=== YOUR INSTRUCTIONS ===
Reproduce the entries shown below only from the line with "Coffee-TO-GO-Becher ORIGINAL, Beispiel" down to the line with "Coffee-TO-GO, das Original!", keeping both end lines and copying each one exactly.

=== GIVEN DATA ===

# # #

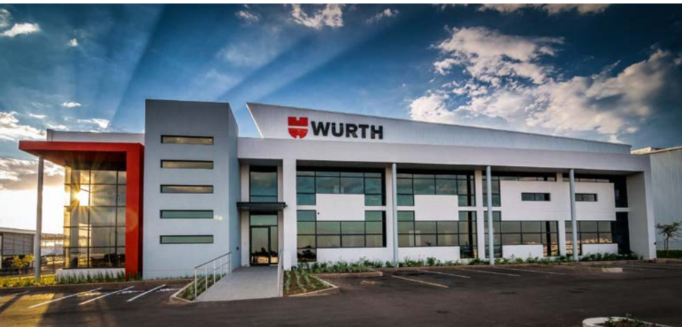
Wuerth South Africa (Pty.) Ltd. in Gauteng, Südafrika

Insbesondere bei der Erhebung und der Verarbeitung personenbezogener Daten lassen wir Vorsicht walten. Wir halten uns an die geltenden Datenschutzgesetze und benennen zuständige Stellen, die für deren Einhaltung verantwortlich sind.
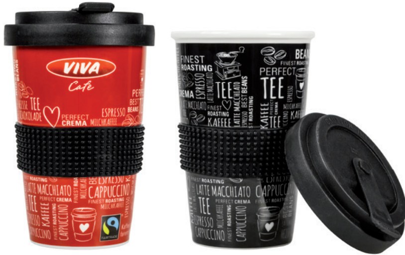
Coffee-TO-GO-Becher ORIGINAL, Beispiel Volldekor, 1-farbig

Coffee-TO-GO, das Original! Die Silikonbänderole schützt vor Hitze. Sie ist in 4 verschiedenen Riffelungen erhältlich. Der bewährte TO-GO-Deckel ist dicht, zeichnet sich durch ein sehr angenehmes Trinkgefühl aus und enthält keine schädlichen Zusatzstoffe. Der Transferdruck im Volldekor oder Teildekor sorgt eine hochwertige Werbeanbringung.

# # #

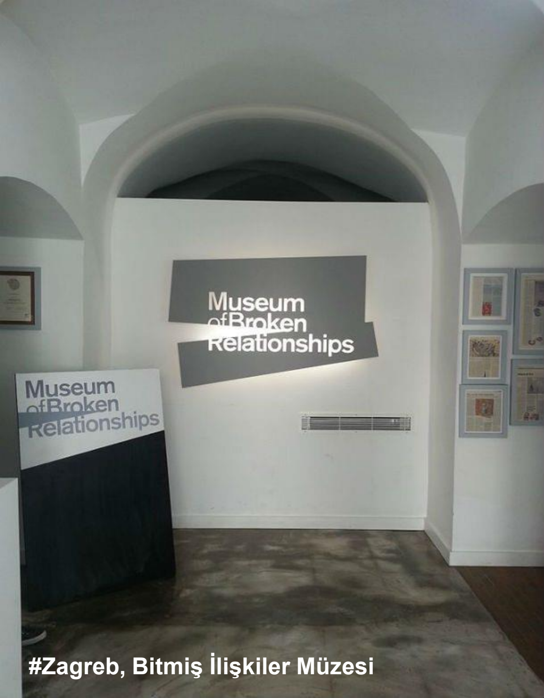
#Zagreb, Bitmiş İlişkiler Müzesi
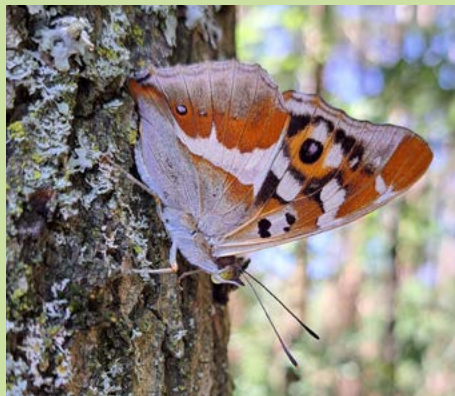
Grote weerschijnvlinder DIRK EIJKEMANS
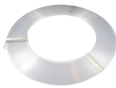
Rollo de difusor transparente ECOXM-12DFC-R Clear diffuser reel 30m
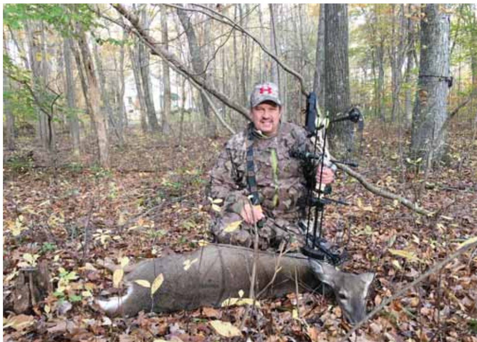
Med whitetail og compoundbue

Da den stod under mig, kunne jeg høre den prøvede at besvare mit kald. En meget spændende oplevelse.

# # #

=== WORKED SOLUTION ===
Coffee-TO-GO-Becher ORIGINAL, Beispiel Volldekor, 1-farbig

Coffee-TO-GO, das Original! Die Silikonbänderole schützt vor Hitze. Sie ist in 4 verschiedenen Riffelungen erhältlich. Der bewährte TO-GO-Deckel ist dicht, zeichnet sich durch ein sehr angenehmes Trinkgefühl aus und enthält keine schädlichen Zusatzstoffe. Der Transferdruck im Volldekor oder Teildekor sorgt eine hochwertige Werbeanbringung.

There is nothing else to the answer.